I drove around town looking for Jazz’s car, hoping to find my wife, but I’ve had no such luck. I went as far as contacting the Lander’s to see if they heard from her. But, they declined, asking that I kept in touch with them and let them know Jazz that was okay.
I had no idea where Jazz was, what she was doing, or if she was even alive. It was driving me up a fucking wall, literally making me sick. Lately, there had been so much going on, I didn’t know whether I was coming or going. Add taking care of my construction business and Savanah on top of it all, and I was left with one enormous fucking mess.
As we finished up dinner, someone knocked on the front door. I grabbed a rag, wiping off Savanah’s face and sat her down on the floor. She was running around like a wild woman through the house these days. I had a hard time keeping up with her.
Savanah followed me through the living room and into the foyer. I picked her up and opened the door.
“Hey, cuz. How you holding up?” Brix asked as he and Stone made their way into the foyer.
“My little beast and I just got finished grubbing.” I shook Savanah’s leg, as she smiled at the guys. She was such a flirt, batting her eyelashes to get attention.
I walked the guys into the living room, setting Savanah down with her toys. Stone handed me a manila folder then sat back on the couch without saying anything. That was strange. I wasn’t sure what his problem was, but the last couple of days he hadn’t been his normal self.
“What’s this?” I pulled off the top strip, opening it up.
“Everything you asked to get on Teto. It’s all there.”

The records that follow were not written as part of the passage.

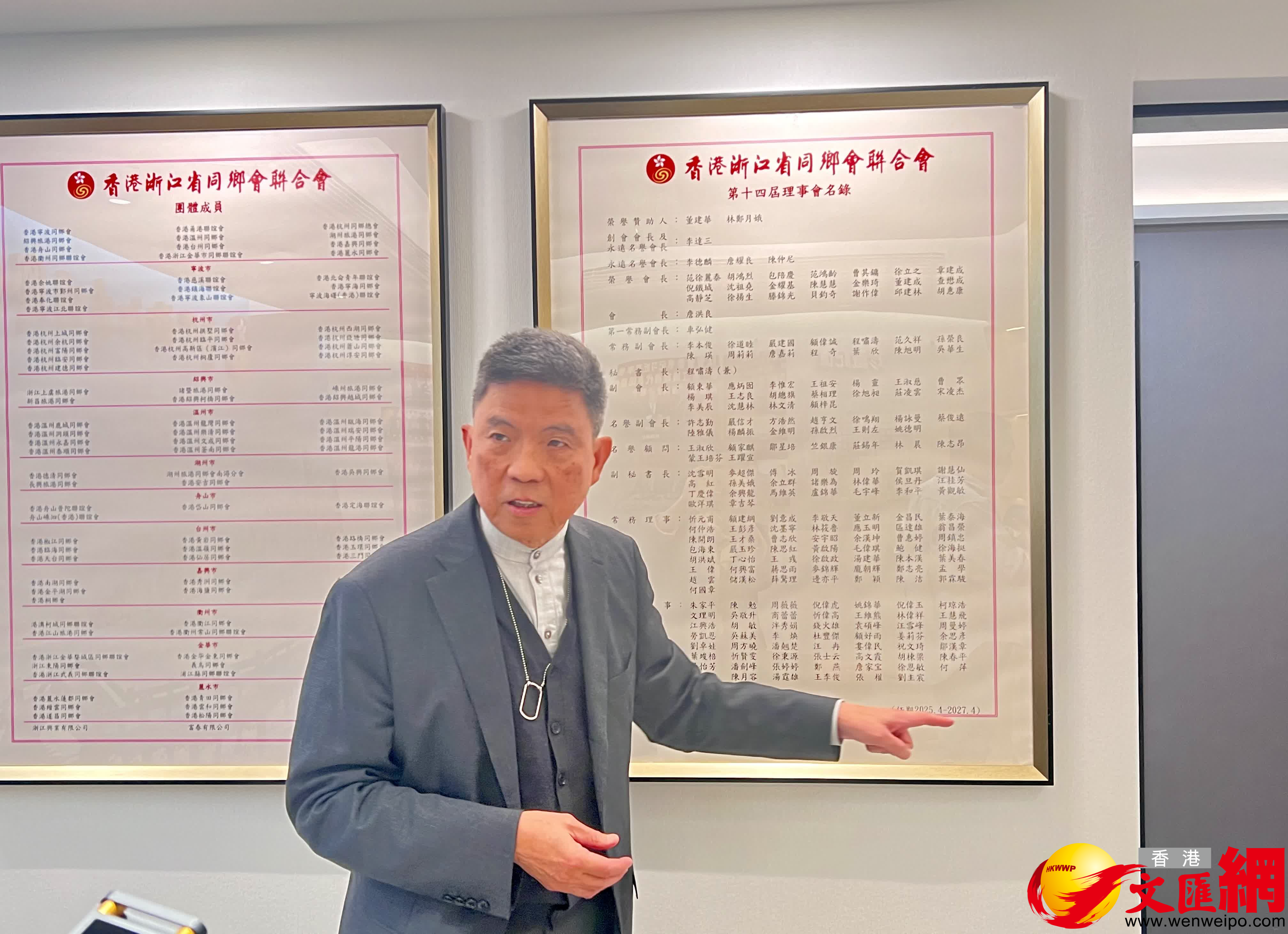 他表示:「我希望浙聯會(香港浙江省同鄉會聯合會簡稱)能夠成為香港青年溝通內地的一個平台,不僅僅是對於浙江籍的香港青年,而是面向所有的香港青年,都可以跟隨我們浙聯會這一平台前往浙江、大灣區以及內地其他城市實地走走看看。」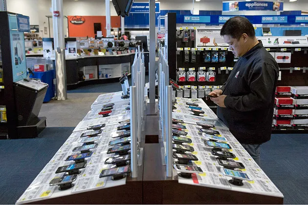 一位购物者在旧金山的百思买商店查看手机,时间是1月30日摄影:大卫·保罗·莫里斯/彭博社在实体零售商中,展厅购物已成为一个比盗窃更肮脏的词。盗窃至少是非法的——亚马逊有权在顾客浏览商品后将他们吸引走。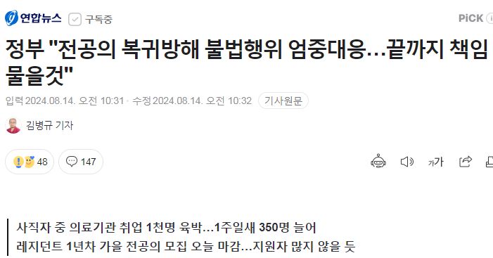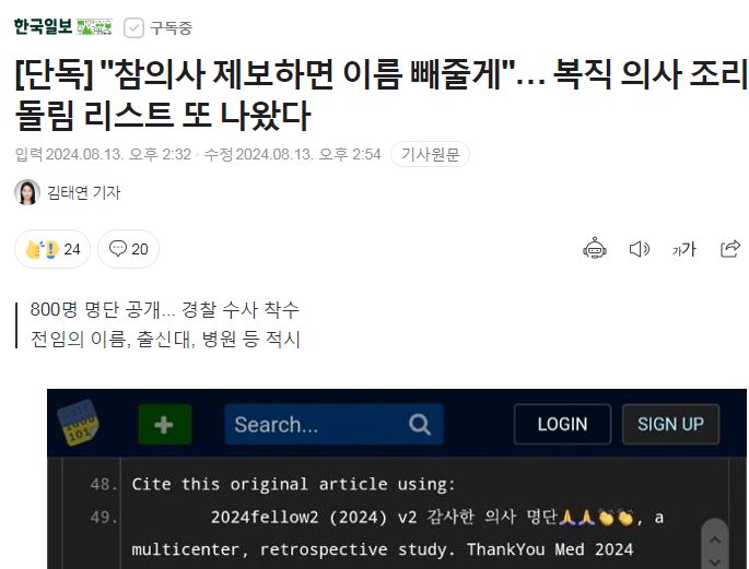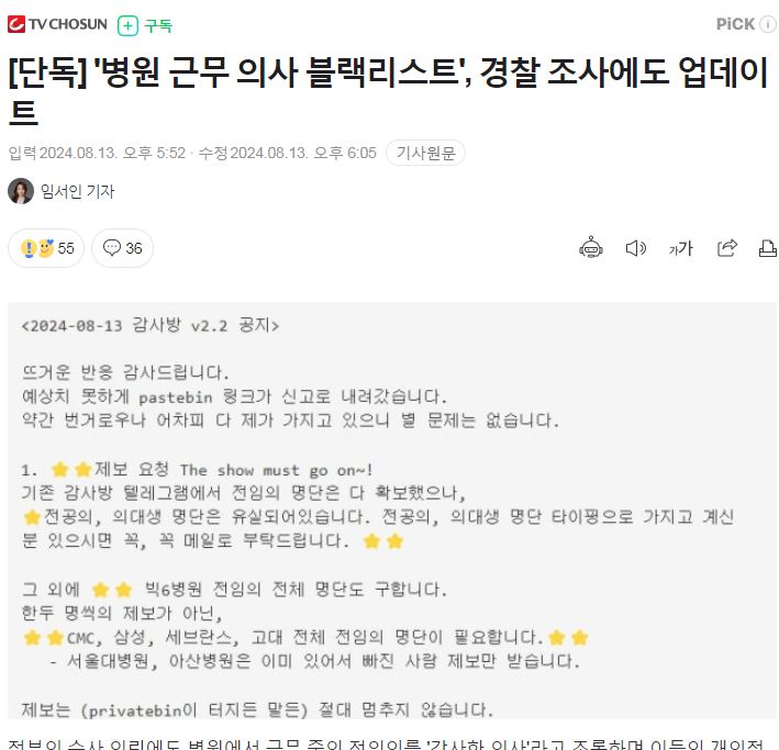 “감사한 의사” 복직 전공의 800여명 신상 털이…경찰, 조사 착수 - 세계일보 2024.8.13.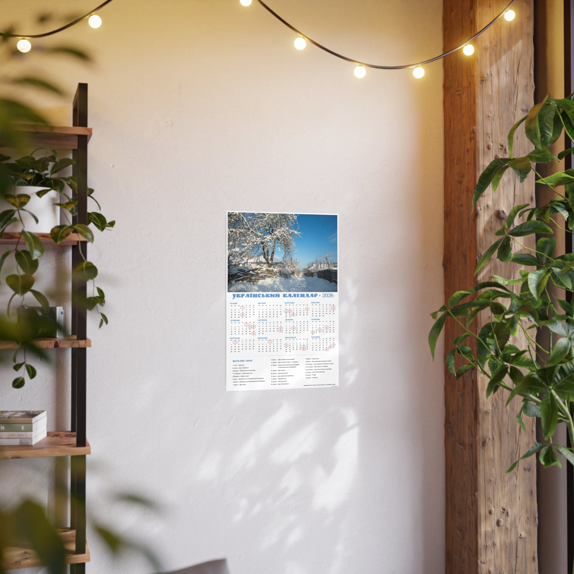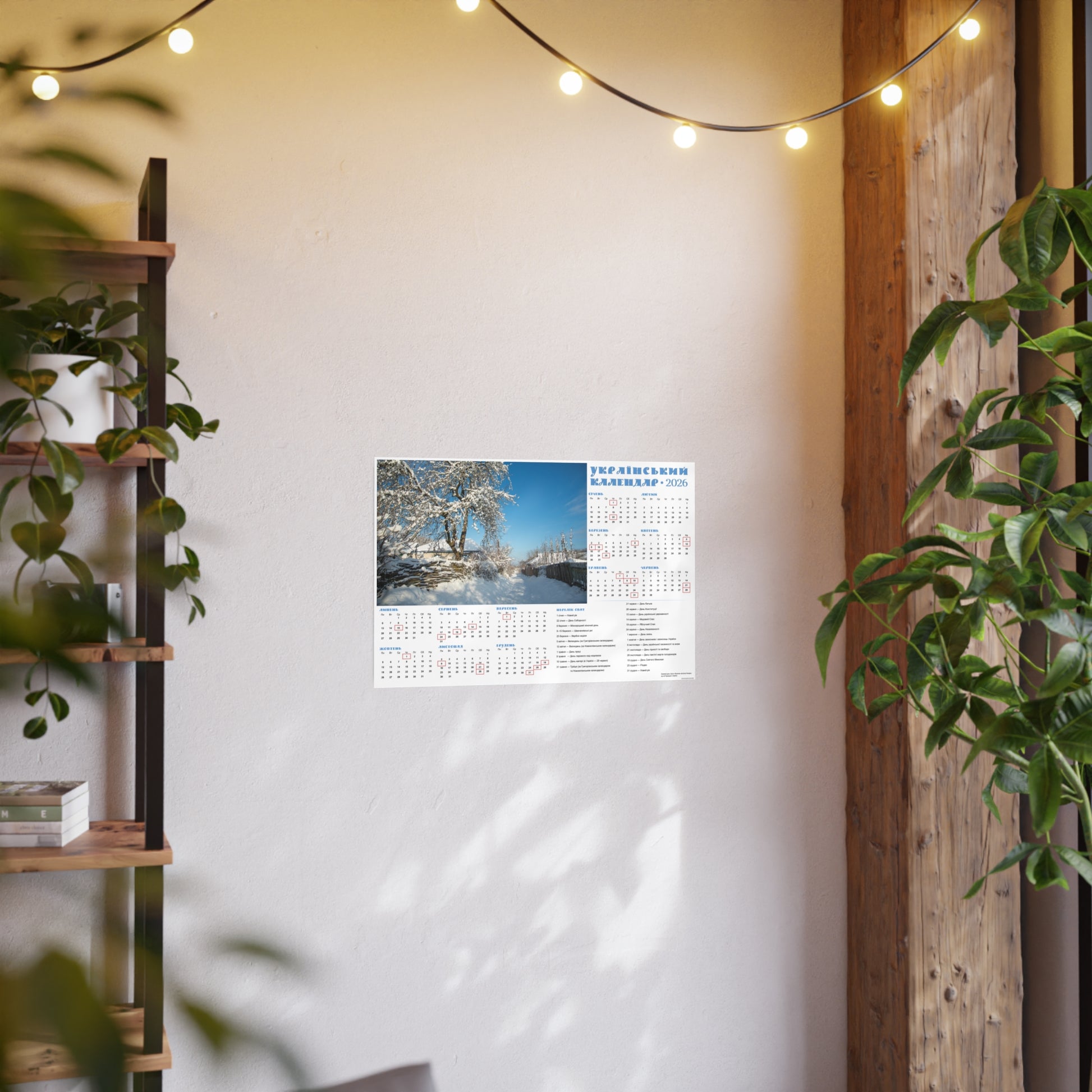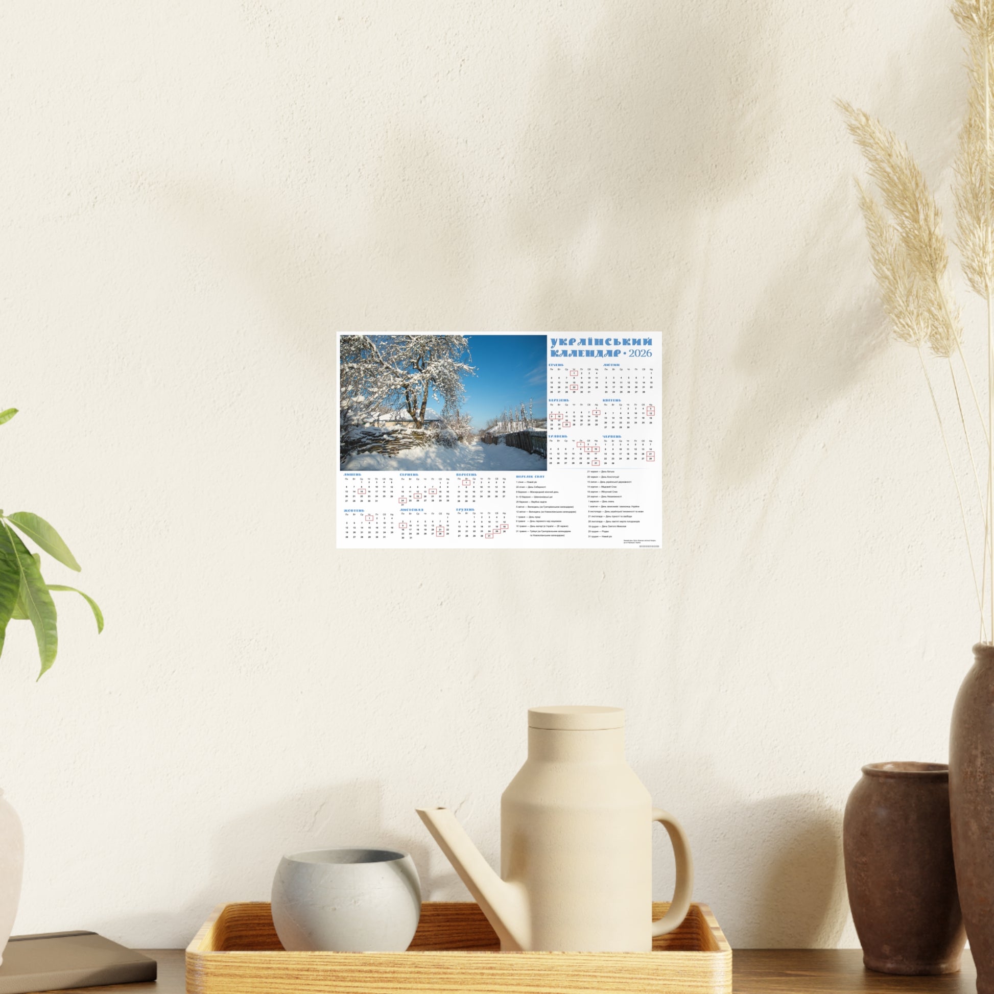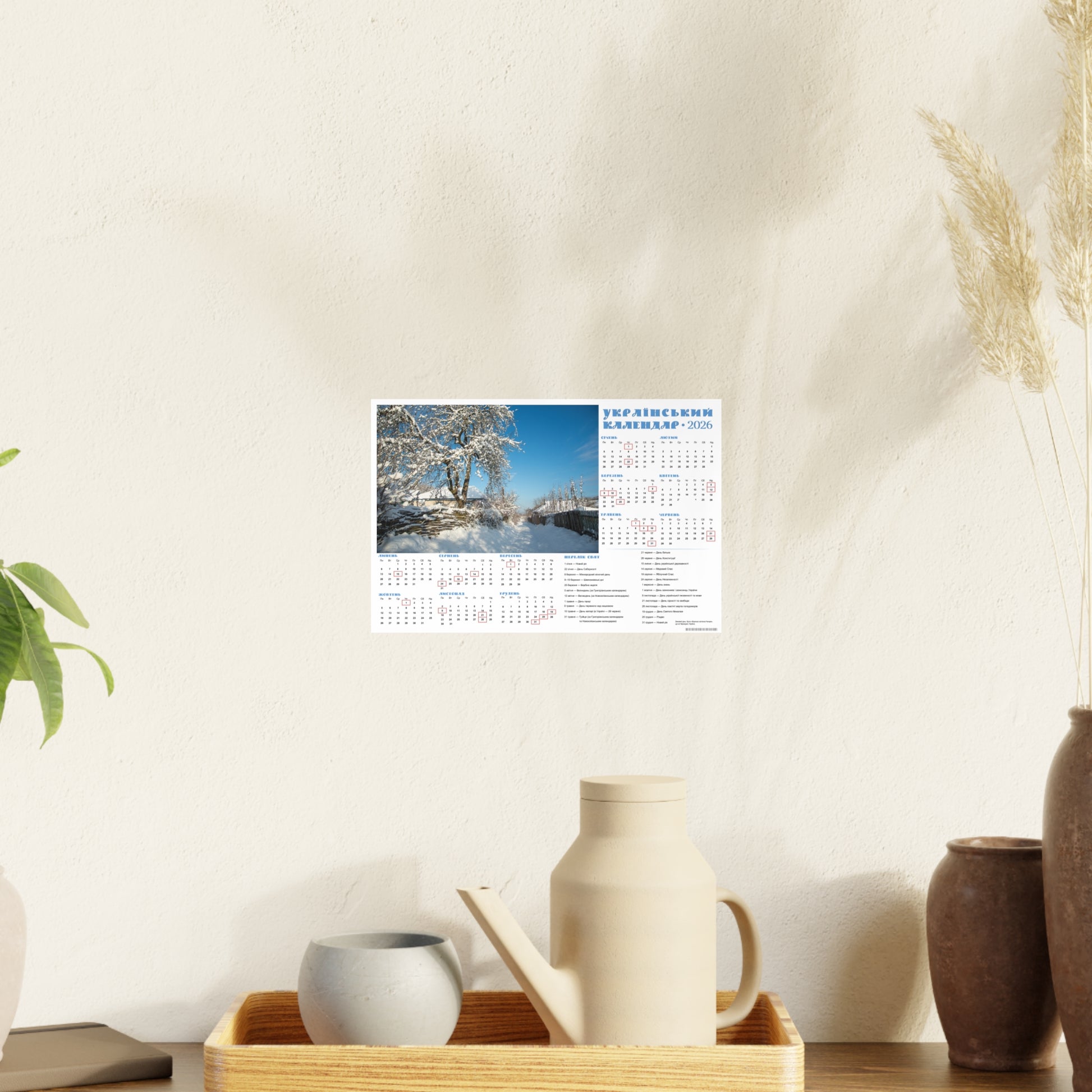 The one-page poster calendar "Winter day" belongs to the series 2026 Ukrainian Calendar CANADA, created exclusively for Ukrainians and friends of Ukraine in CANADA. The vocation of this series is to add Ukrainian coziness to your home, so poignantly native and thick with the scents of mint, wild thyme, lovage and other fragrancy; to become a window into the Ukrainian coziness, wherever you are.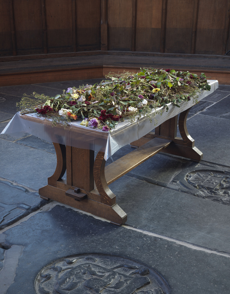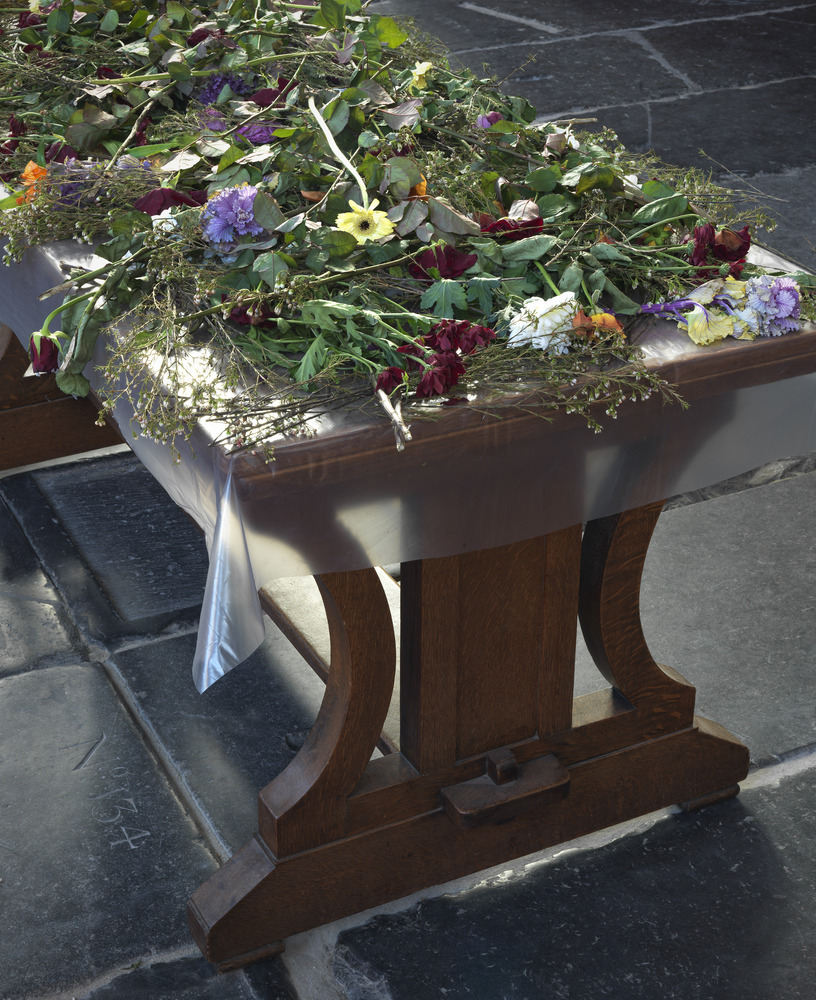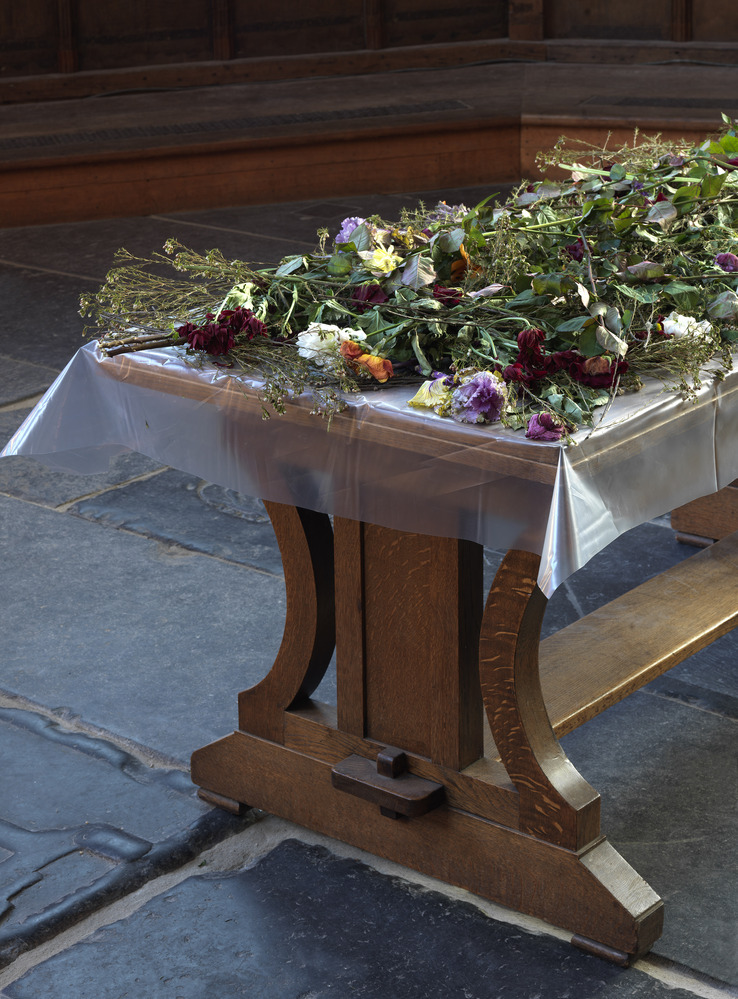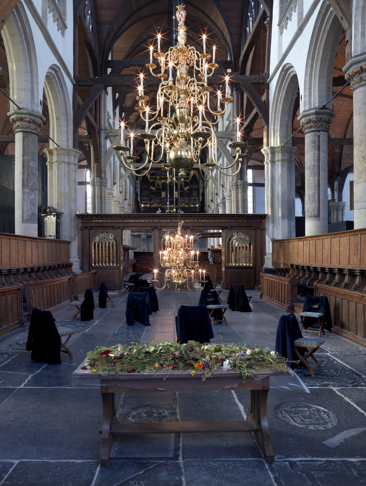 On the spot where the altar stood in the Roman Catholic existence (1306-1576) of the Oude Kerk, the artist laid flowers. The flowers reminded the deceased who have been buried for centuries long as a touching tribute. At the same time, the flowers made one aware of the time behind us. The flowers were dried up and, were conserved by the plastic foil, in an effort to preserve them for upcoming times.

I pulled out the papers, setting them down on the table, viewing each document one at a time, f
inding out the following information; Uncle Teto lived in Mechanicsville, Virginia. He turned fifty last month, just a few weeks shy from my dad’s birthday. He was married to Tobi Sorrentino, previously known as Beaty, since two thousand and two. He had five kids, four who are from Tobi, and one from a Cindy Driscoll. He retired from the U.S. Marine Corp approximately seven years ago.
Stone reached into his briefcase and handed me another folder.
“Here are the pictures I found. There aren’t many, but it’ll give you a general idea of what he looks like now.”
I viewed the pictures, shocked at what I saw.
“What the hell, man?” I moved through each one flabbergasted. “This can’t be right.” I was completely baffled. “They look nothing alike.”
Brix grabbed the picture out of my hands to see what I was talking about. As soon as he saw Uncle Teto, his whole demeanor changed. Brix laid the picture on the table, resting his elbows on his knees, and then looked up at me.
“What are you going to do?”
That was a good question. If Uncle Teto wasn’t Jazz’s father, who in the hell was?
I shrugged my shoulders, not knowing really what to say. I was speechless, dumbfounded. I had no idea what to think.
“Here,” Stone slid another picture across the table. “It’s one of his kids. I’m not sure which one, but their ages range between twenty-four and thirty-one.”
I glanced over them, not wanting to get my hopes up, unable to see any resemblance to my wife. This was just great. Here I had been running around like a damn chicken with my head cut off trying to prove my father’s theory to be correct and I got this shit. What the fuck.
I didn’t know how I was going to approach this situation next. I was running out of options. I had all my ducks in a row, thinking Uncle Teto was Jazz’s biological father, but I couldn’t see it. And hell, if that didn’t piss me off even more.
“Can you watch her for a second? I need to call my dad.”